__Problem__: From the material below, return exactly the lines starting at the one that holds "针对钉钉、、、企微、、、、I" and ending at the one that holds "在身份选择页面,点击选择我要开店,点击下一步。". Pictures stay out of the answer.
═════ Data for this exercise
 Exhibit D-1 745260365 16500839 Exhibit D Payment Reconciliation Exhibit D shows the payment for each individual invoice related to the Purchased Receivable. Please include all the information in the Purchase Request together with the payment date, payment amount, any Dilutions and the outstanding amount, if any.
══════════
═════ Data for this exercise
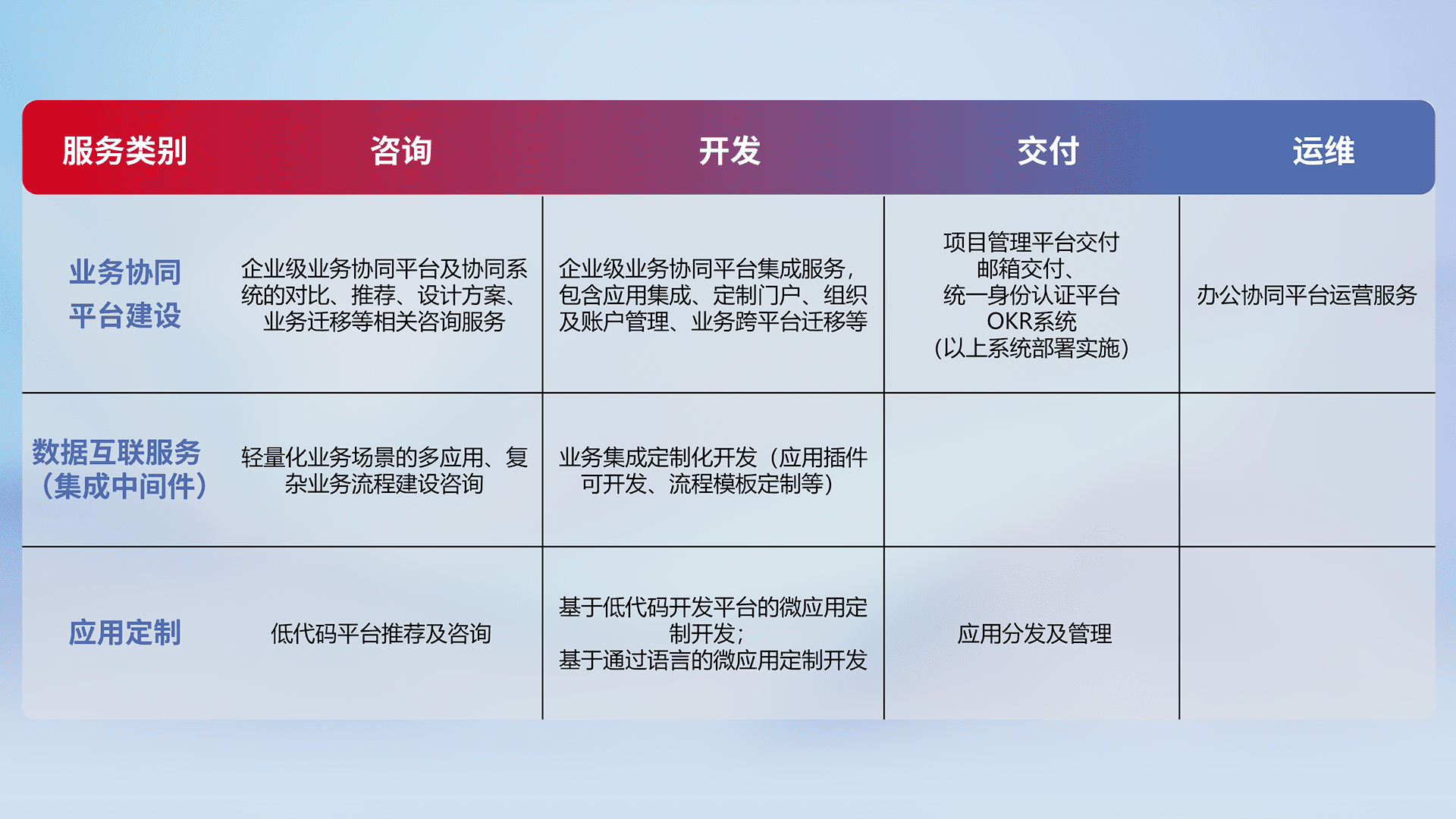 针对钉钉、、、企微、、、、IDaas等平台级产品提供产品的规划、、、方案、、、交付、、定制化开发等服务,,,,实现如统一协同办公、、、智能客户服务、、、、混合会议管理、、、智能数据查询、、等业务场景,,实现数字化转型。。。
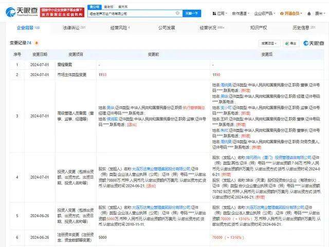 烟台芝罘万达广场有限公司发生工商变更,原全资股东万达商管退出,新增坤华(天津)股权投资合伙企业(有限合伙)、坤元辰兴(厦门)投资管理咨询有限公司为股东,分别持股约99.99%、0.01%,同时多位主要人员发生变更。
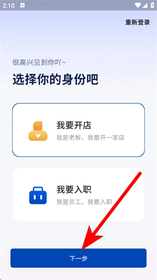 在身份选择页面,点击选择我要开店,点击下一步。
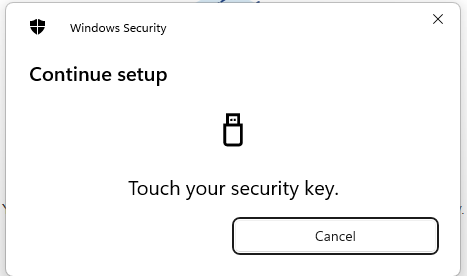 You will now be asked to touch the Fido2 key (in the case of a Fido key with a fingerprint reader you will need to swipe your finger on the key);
══════════
__Response__:
 针对钉钉、、、企微、、、、IDaas等平台级产品提供产品的规划、、、方案、、、交付、、定制化开发等服务,,,,实现如统一协同办公、、、智能客户服务、、、、混合会议管理、、、智能数据查询、、等业务场景,,实现数字化转型。。。
 烟台芝罘万达广场有限公司发生工商变更,原全资股东万达商管退出,新增坤华(天津)股权投资合伙企业(有限合伙)、坤元辰兴(厦门)投资管理咨询有限公司为股东,分别持股约99.99%、0.01%,同时多位主要人员发生变更。
 在身份选择页面,点击选择我要开店,点击下一步。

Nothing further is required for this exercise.